- Julianatop Location within Suriname

Highest point
- Elevation: 1,280 m (4,200 ft)
- Listing: Country high point
- Coordinates: 3°40′58″N 56°32′8″W﻿ / ﻿3.68278°N 56.53556°W

Geography
- Location: Sipaliwini District, Suriname
- Parent range: Wilhelmina Mountains

= Julianatop =

Julianatop (/nl/) is the highest mountain in Suriname at 1280 m. It is located in the Sipaliwini District. The mountain is named after Juliana of the Netherlands. The Amerindian name of the mountain is Ipinumin (He who stands alone).

The Julianatop is located in the Central Suriname Nature Reserve.[2]

The summit was reached for the first time in 1963 by an expedition consisting of Mr. A.P.L. Nunes (GMD - Geologisch Mijnbouwkundige dienst) J.P. Schulz and J. Tawjoeran (both from LBB - Lands Bosbeheer), and S. Ligori from the Suriname Museum. The indigenous expedition member John Tawjoeran hoisted the Surinamese flag (the flag with five stars) in a tree.

The expedition arrived at the Kayser Mountains airstrip on June 29, 1963. From there, they followed the Zuid River by korjaal Surinamese canoe) to its confluence with the Lucie River, which they then followed upstream for approximately 15 km to where the Lucie River meets the Oost River. The base camp was established here. From this base camp, a trail was cleared heading northwest toward Julianatop (Juliana summit); at km 14, the trail turned northeast, and at km 19, it turned north. From that point, a 3.5 km long side path was cut in an easterly direction. Small camps were set up at km 9, 14, 19, 21, and halfway along the eastern track.

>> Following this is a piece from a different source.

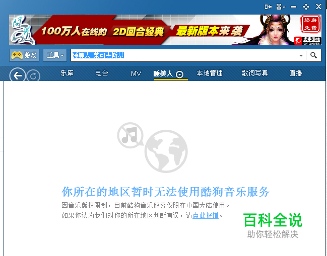1、首先,楼主在非大陆地区,在初初下载酷狗时,显示的版本是这样的: 2、 然后,搜索歌曲,显示的结果是这样的: 这种情况就是:可以下载歌曲,但是无法搜索到想要的歌曲。 3、怎样解决呢? 步骤一:关掉所有酷狗的进程。 步骤二:关掉所有网络连接: 步骤四:打开酷狗 步骤五:开启网络连接。 4、 接下来,就可以正常搜索音乐并下载啦! 结果一:搜索音乐: 结果二:在线听: 结果三:下载到本地: 如果各位尝试过以上方法后,酷狗还sb得说你的IP不在大陆,那么楼主还有最后一招: 打开酷狗的设置界面,点击代理设置选项卡,填写信息如下:有人会问楼主,那个地址啊端口啊,应该怎么获取呢?获取地址就在:http://proxy-list.org/en/index.php。 打开页面后,在如下位置选择IP的国家为CHINA,如图:点击Filter Proxy那个按钮,然后出来一堆备选地址:选一个working的填入酷狗的代理就好啦! 请注意,以上图第一个IP为例,58.242.249.31:23684 这个的意思是:酷狗的代理地址写: 58.242.249.31;代理端口号写: 23684。 如上算是功德圆满吧!如果诸位尝试后,还有bug,欢迎留言商讨!

The expedition to Julianatop was an extension of the June, July, and August 1963 expedition to the Wilhelmina Mountains, led by Dr. Bassett Maguire, Dr. Howard Irwin, Dr. Tom Soderstrom, and Noel Holmgren, all from the NYBG (New York Botanical Gardens), along with G. Wessels-Boer, J. Elburg, Boy Jopoi, and H.P. Pijpers (Radio communications) on behalf of the LBB, to conduct botanical research and collect plant samples.